For more detailed troubleshooting, see TROUBLESHOOTING.md.

Verifying Installation

# Check that pHapCompass is installed
phapcompass --help

# Test with example data (this also exercises extractHAIRS)
phapcompass --data-type short \
  --bam-path test_data/short_data_example/0.bam \
  --vcf-path test_data/ref_example/Chr1_unphased.vcf \
  --result-path output.vcf.gz

Input Requirements

To run pHapCompass, you need:

Required

BAM file: aligned reads from a single individual
VCF file: containing heterozygous SNPs (biallelic or multiallelic)

Optional

A pre-computed .frag fragment file

The tool infers ploidy automatically from the VCF unless specified.

Basic Usage

The standard usage is to run pHapCompass directly from BAM + VCF, letting the internal polyploid extractHAIRS generate fragments.

Short-read model

From BAM + VCF (recommended)

phapcompass --data-type short \
  --bam-path sample.bam \
  --vcf-path sample.vcf.gz \
  --result-path output_short.vcf.gz

Optional hyperparameters:

--mw : MEC weight (default: 10.0)
--lw : likelihood weight (default: 1.0)
--sw : FFBS sample weight (default: 1.0)
--epsilon : sequencing error rate (default: 1e-5)
--uncertainty [N] : enable N-sample FFBS solution sampling (default N=3)

Example with custom parameters:

phapcompass --data-type short \
  --bam-path sample.bam \
  --vcf-path sample.vcf.gz \
  --result-path output_short.vcf.gz \
  --mw 8 --lw 2 --sw 0.5

Note: The weights do not have to be between 0 and 1.

Using a precomputed fragment file

phapcompass --data-type short \
  --frag-path sample.frag \
  --vcf-path sample.vcf.gz \
  --result-path output_short.vcf.gz

Long-read model

From BAM + VCF

phapcompass --data-type long \
  --bam-path sample.bam \
  --vcf-path sample.vcf.gz \
  --result-path output_long.vcf.gz

Optional hyperparameters:

--delta : transition penalty parameter (default: 5)
--learning-rate : optimization learning rate (default: 0.02)
--epsilon : sequencing error rate (default: 1e-5)
--uncertainty [N] : enable N-sample solution sampling (default N=3)

Example with custom parameters:

phapcompass --data-type long \
  --bam-path sample.bam \
  --vcf-path sample.vcf.gz \
  --result-path output_long.vcf.gz \
  --delta 4 --learning-rate 0.01 --epsilon 0.00002

Using a precomputed fragment file

phapcompass --data-type long \
  --frag-path sample.frag \
  --vcf-path sample.vcf.gz \
  --result-path output_long.vcf.gz

Command-line Arguments

Core I/O

Argument	Description
`--bam-path PATH`	BAM file; triggers internal extractHAIRS.
`--frag-path PATH`	Optional: use an existing fragment file.
`--vcf-path PATH`	Required.
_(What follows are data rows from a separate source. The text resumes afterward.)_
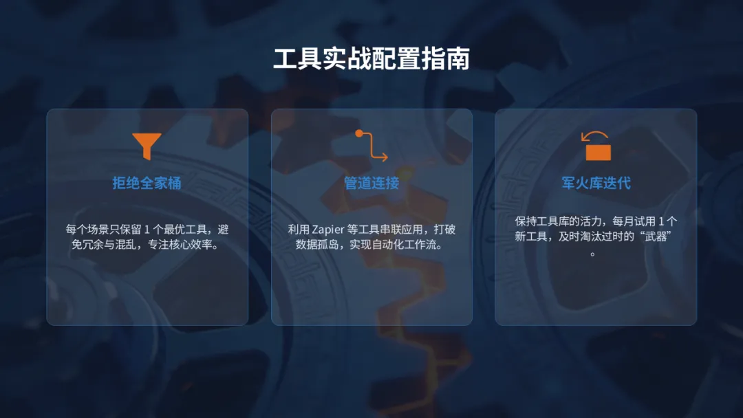 军火库迭代:保持工具库的活力,每月试用 1 个新工具,及时淘汰功能落后、不贴合当前工作需求的工具。
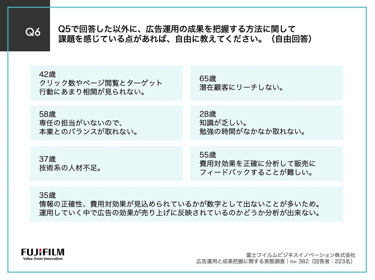 Q5で「わからない/答えられない」以外を回答した方に、「Q6.Q5で回答した以外に、広告運用の成果を把握する方法に関して課題を感じている点があれば、自由に教えてください。(自由回答)」(n=382)と質問したところ、「クリック数やページ閲覧とターゲット行動にあまり相関が見られない」や「技術系の人材不足」など223の回答を得ることができました。
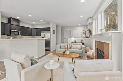 Welcome to Alki Living! Perched atop Elliott Bay with views of the Cascades and Seattle Skyline, this townhome style condo for sale is the one you've been waiting for in West Seattle. Watch the sunrise from either of the 2 private decks. Cozy up to the fireplace on chilly days, or throw the sliders open to enjoy the HUGE deck - perfect for BBQ's, outdoor dining, and watching the action. Upper level primary suite with en suite bath, deck, and tons of natural light. It's so spacious there is room for a sitting area. Relax in the connected bathroom with dual vanity and walk-in closet. The ground floor 2 bedrooms proved space for everyone or host guests in their own private space. One bedroom opens out to another private patio perfect for a home office. Low HOA dues cover water/sewer/garbage/landscaping/earthquake insurance. RARE 2 car attached garage for parking and storage. Efficient mini splits with A/C. Rentals are permitted with some restrictions. This is the West Seattle h
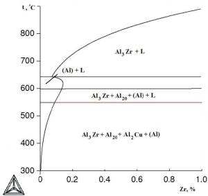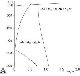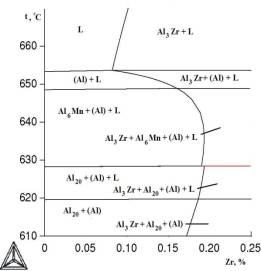 компонентами могут быть иметь следующий фазовый состав: (Al)+Al6Mn+Al3Zr (I);(Al)+Al6Mn+Al20Cu2Mn3+Al3Zr (II):(Al)+Al20Cu2Mn3+Al3Zr (III); (Al) +Al20Cu2Mn3+Al2Cu+Al3Zr (IV). Оптимальной, как это показано в [2], является область III.
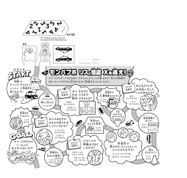 錠剤の個装はパトロールカーや消防車など子どもに人気の車両をデザイン。外箱はぬりえすごろくとして楽しめます。
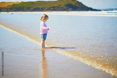 Adorable toddler girl on the sand beach at Atlantic coast of Brittany, France
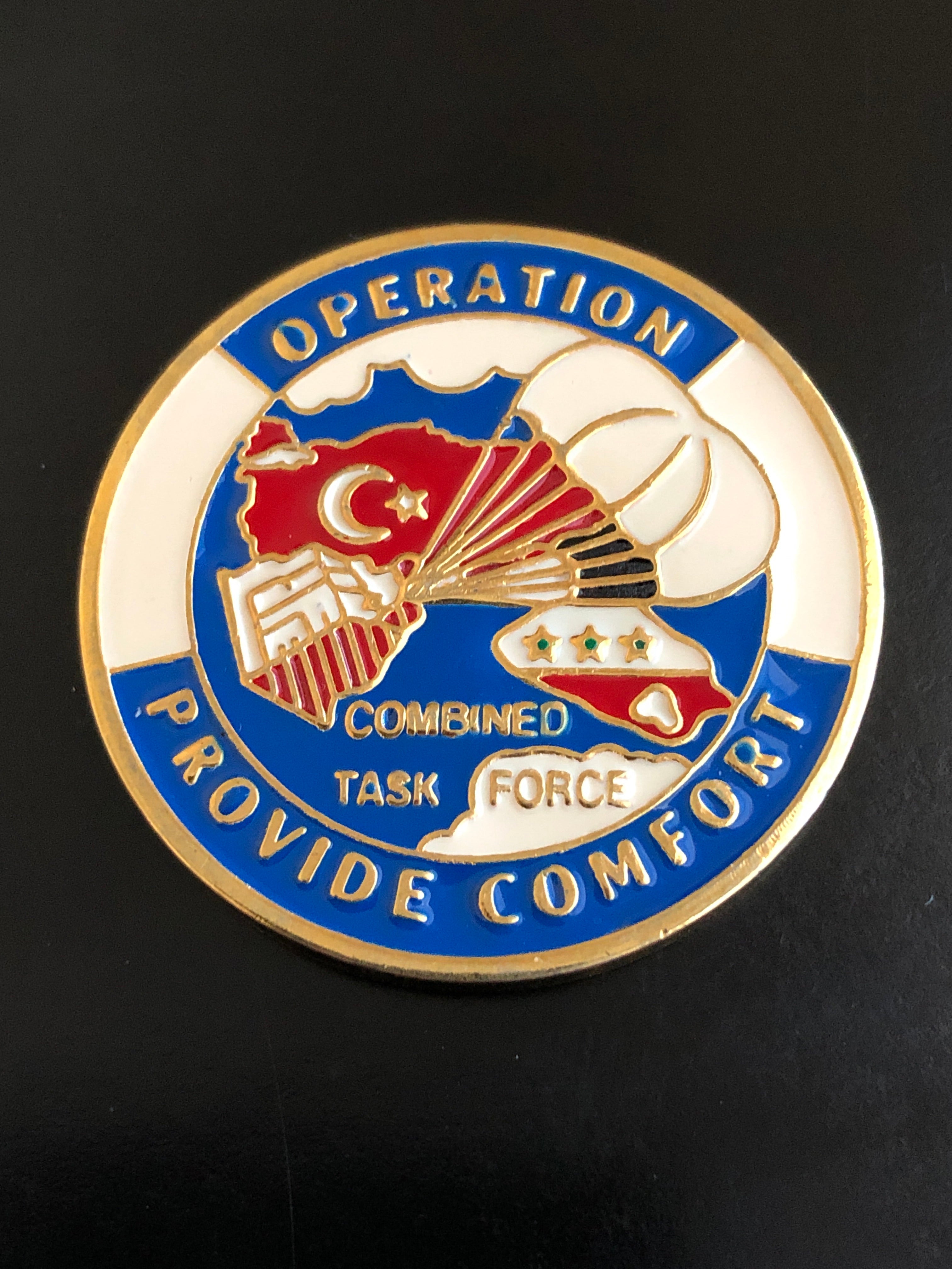 This coin was awarded by the Operation Provide Comfort (OPC) Commanding General, Lieutenant General John Shalikashvili between April 1991 and July 24, 1991 when OPC ended (OPC II began).
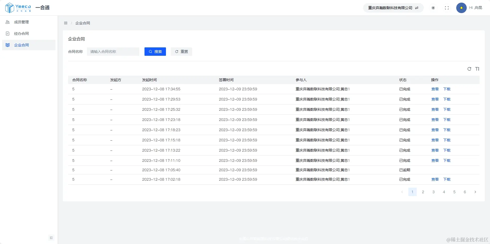 作为企业管理人员或者个人在Web端能查看到所有已经签署过并且归档的合同,支持在线查看,下载等操作
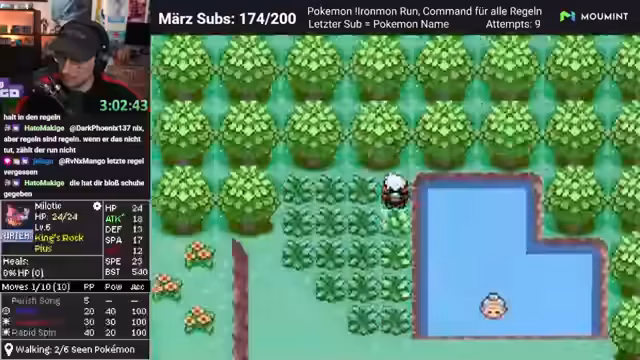 03:20:12Nachdem alle sechs verfügbaren Wild-Encounters auf einer Route gesehen wurden, wird ein Milotic gefangen. Das Pokémon hat ein starkes Moveset mit Heatwave und Shadow Ball, aber auch eine problematische Fähigkeit (Minus). Trotz dieser Schwäche wird es als Hoffnungsträger in das Team aufgenommen, da die Stats insgesamt besser sind. Der Streamer ist euphorisch über diesen zweiten Versuch und sieht es als reines Schicksal an.

Input VCF containing heterozygous SNPs.
`--result-path PATH`	Required. Output VCF path.
`--ploidy INT`	Optional. If omitted, inferred from VCF.

Model selection

--data-type short
--data-type long

Short-read model hyperparameters

--mw MEC weight
--lw likelihood weight
--sw FFBS sample weight

Long-read model hyperparameters

--delta
--learning-rate

Other

--epsilon sequencing error rate
--uncertainty [N] enable sampling mode (N samples; default = 3)
--verbose

Simulation Pipeline

pHapCompass includes a simulator for generating polyploid haplotype references (and optionally reads) for benchmarking. The pipeline is organized as:

Haplotype simulation (required)
Read simulation (optional; uses output of step 1)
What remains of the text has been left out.